Posted by Yi Pan <ni...@gmail.com>.
Hi, Rick and John,

Thanks for the great discussion! As Jacob said, we realized the possible
drawbacks relying solely on YARN for process liveness detection as well and
that's why SAMZA-871 was opened. Please help to comment on the JIRA so that
we can track the discussion and move the design process forward.

Thanks a lot!

-Yi

On Wed, Feb 10, 2016 at 2:10 PM, Rick Mangi <ri...@chartbeat.com> wrote:

> Jake, Not my question, I was just adding my 2 cents :)
>
> John, it’s not that yarn is responsible for maintaining 1 instance of each
> container, samza has an abstract management layer that defers this to yarn,
> but some people bypass yarn all together and manage their containers
> themselves or run on things like mesos.
>
> For your purposes though, if you are using yarn, then yes this is yarn’s
> job.
>
> The case I ran into was with cloudera’s distro of yarn with an older
> version of ubuntu and yarn.
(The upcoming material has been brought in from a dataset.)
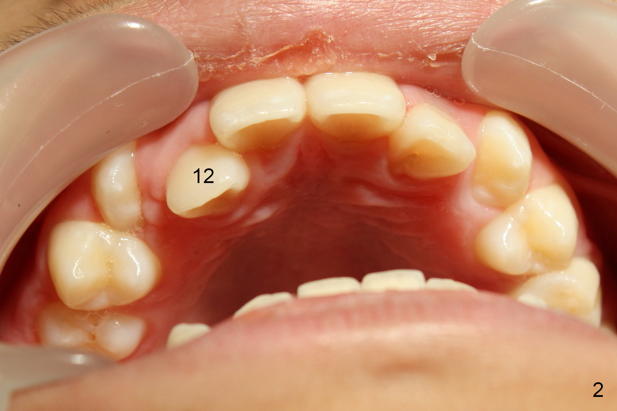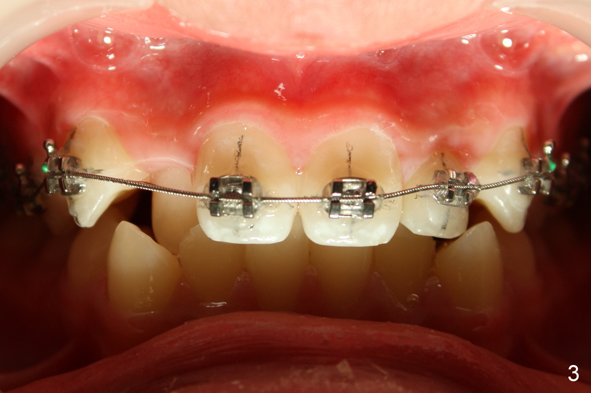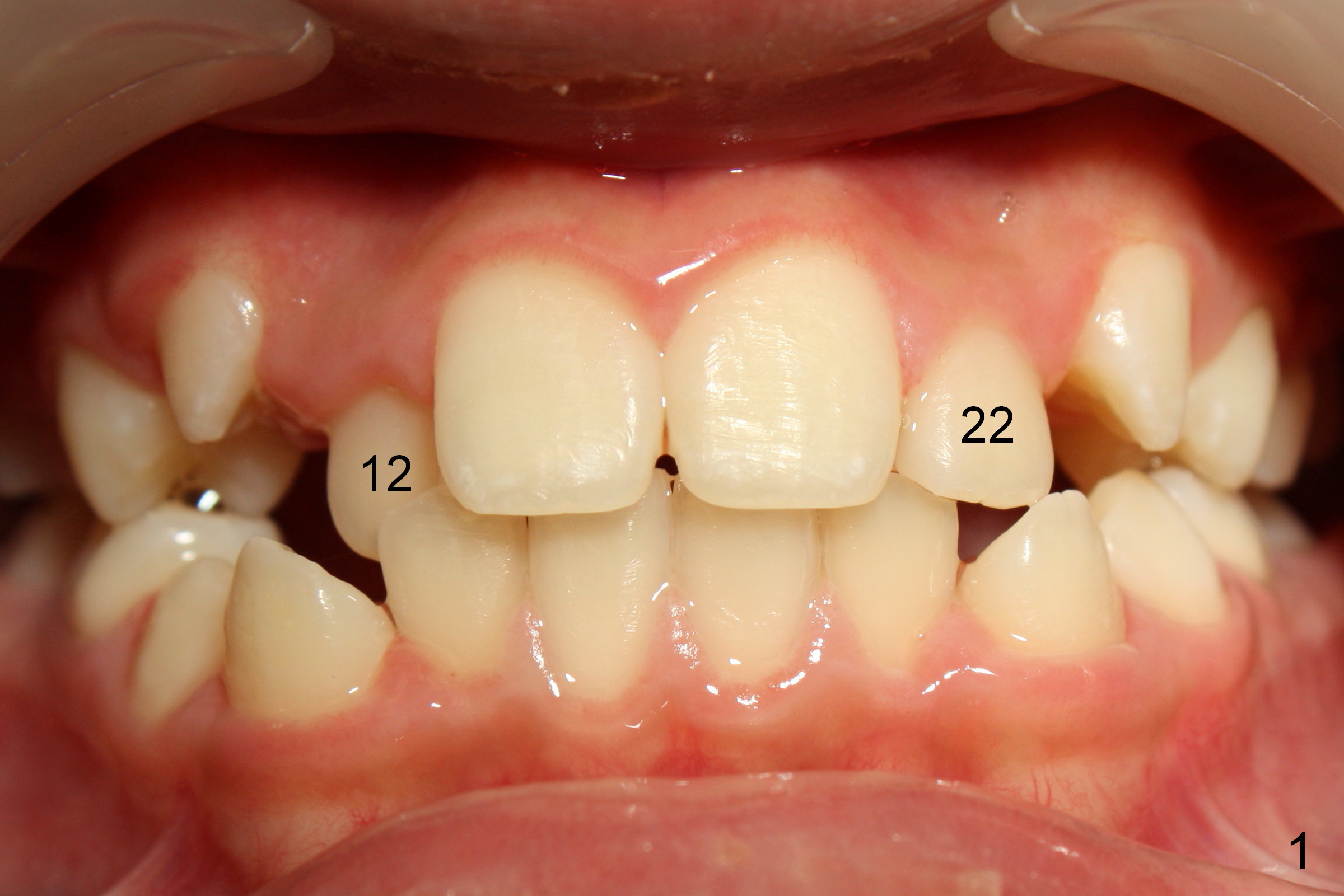 Another issue is late eruption of 2nd molars (Fig.8,9 (17 (one seven),27 (two seven)), 16 months post bracketing). The patient is not compliant with wearing elastics. The final result is not ideal.
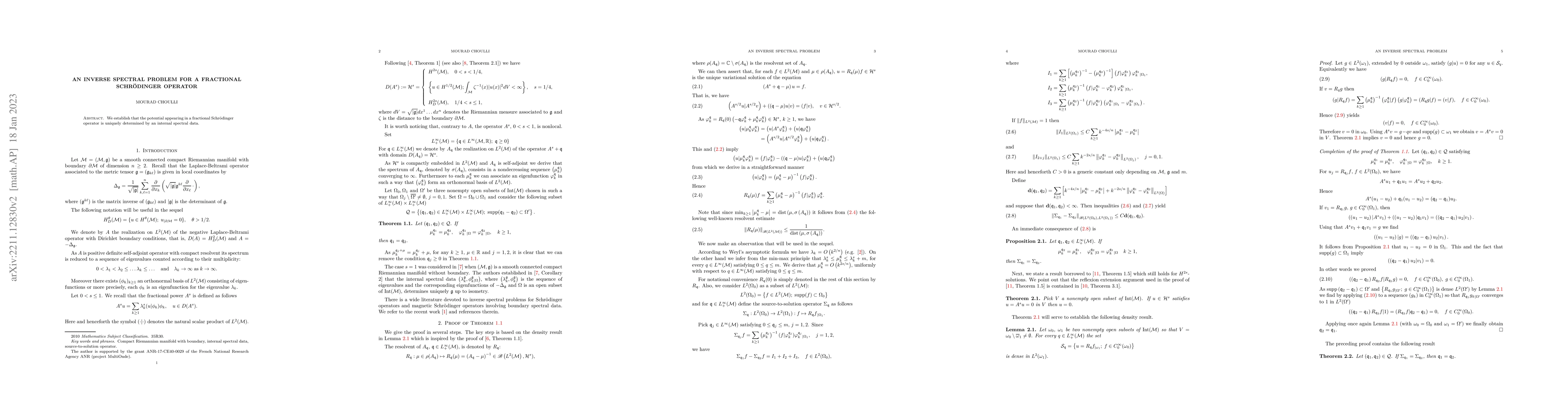 Summary: This paper demonstrates that the potential in a fractional Schrödinger operator can be uniquely identified based solely on internal spectral data, addressing an inverse spectral problem.

I haven’t seen zombies since moving to the
> latest yarn distro.
>
>
>
> > On Feb 10, 2016, at 4:44 PM, Jacob Maes <ja...@gmail.com> wrote:
> >
> > Hey Rick,
> >
> > If I understand your question, the goal is really to make sure there are
> no
> > orphaned containers that continue to run "off the books".
> >
> > The newly added SAMZA-871 describes a heart beat mechanism to make sure
> > orphaned containers actually get killed.
> >
> > Also, the YARN Node Manager Restart capability might help. We're in the
> > process of testing this at LinkedIn:
> >
> https://hadoop.apache.org/docs/current/hadoop-yarn/hadoop-yarn-site/NodeManagerRestart.html
> >
> > -Jake
> >
> > On Wed, Feb 10, 2016 at 1:42 PM, John Dennison <de...@gmail.com>
> > wrote:
> >
> >> To second Rick's point. Its less about malicious actors, but rather
> >> containers thought to be lost due to a network partition popping up
> later
> >> and starting to write to the change log. I assume from Rick's response
> that
> >> yarn is responsible for ensure only one version of each container is
> >> running and samza has nothing internal to deal with this.
> >>
> >> I guess you could hijack kafka's auth framework to block old zombie
> >> containers from writing. Use some global lock's incrementing token as
> the
> >> password. A zombie process would auth with an old token and be denied. I
> >> haven't looked but i imagine that 0.9.0 auth framework isn't done on a
> >> partition level.
> >>
> >> On Wed, Feb 10, 2016 at 2:27 PM, Rick Mangi <ri...@chartbeat.com> wrote:
> >>
> >>> Security wouldn’t stop zombie processes from writing to kafka. I had
> this
> >>> problem with yarn before where the container thought it was killing
> jobs
> >>> but they never actually died, and in fact continued to write to kafka.
> >>>
> >>>
> >>>> On Feb 10, 2016, at 4:23 PM, Jagadish Venkatraman <
> >>> jagadish1989@gmail.com> wrote:
> >>>>
> >>>> Hi John
> >>>>
> >>>> Currently there is no authorization on who writes to Kafka. There is a
> >>>> Kafka security proposal that the kafka community is working on.
> >>>> https://cwiki.apache.org/confluence/display/KAFKA/Security
> >>>>
> >>>> Building this into Samza may entail expensive coordination (to prevent
> >>>> other jobs). Since, jobs are usually run in a trusted environment,
> I've
> >>> not
> >>>> seen people requesting this use-case. Even if we did build this into
> >>> Samza,
> >>>> nothing stops people from writing to that Kafka topic by bypassing
> >> Samza
> >>>> completely. (thro' the kafka producer or external library)
> >>>>
> >>>> I'd think Kafka would build support for authorization, principals,
> >> roles
> >>>> etc. in the future and Samza can leverage it once it's done.
> >>>>
> >>>> Thoughts?
> >>>>
> >>>> On Wednesday, February 10, 2016, John Dennison <
> >> dennison.john@gmail.com>
> >>>> wrote:
> >>>>
> >>>>> Greetings,
> >>>>>
> >>>>> I have general design question i did not see addressed in the docs.
> >>>>> Basically how does samza guarantee a single writer for each changelog
> >>>>> partition. Because of strong ordering assumption of these changelog,
> >>> how do
> >>>>> you protect against zombie processes writing to the changelog with
> out
> >>> of
> >>>>> date values.
> >>>>>
> >>>>> Thanks,
> >>>>>
> >>>>> John
> >>>>>
> >>>
> >>>
> >>
>
>

Re: Zombie writers protection

Posted by Rick Mangi <ri...@chartbeat.com>.
Jake, Not my question, I was just adding my 2 cents :)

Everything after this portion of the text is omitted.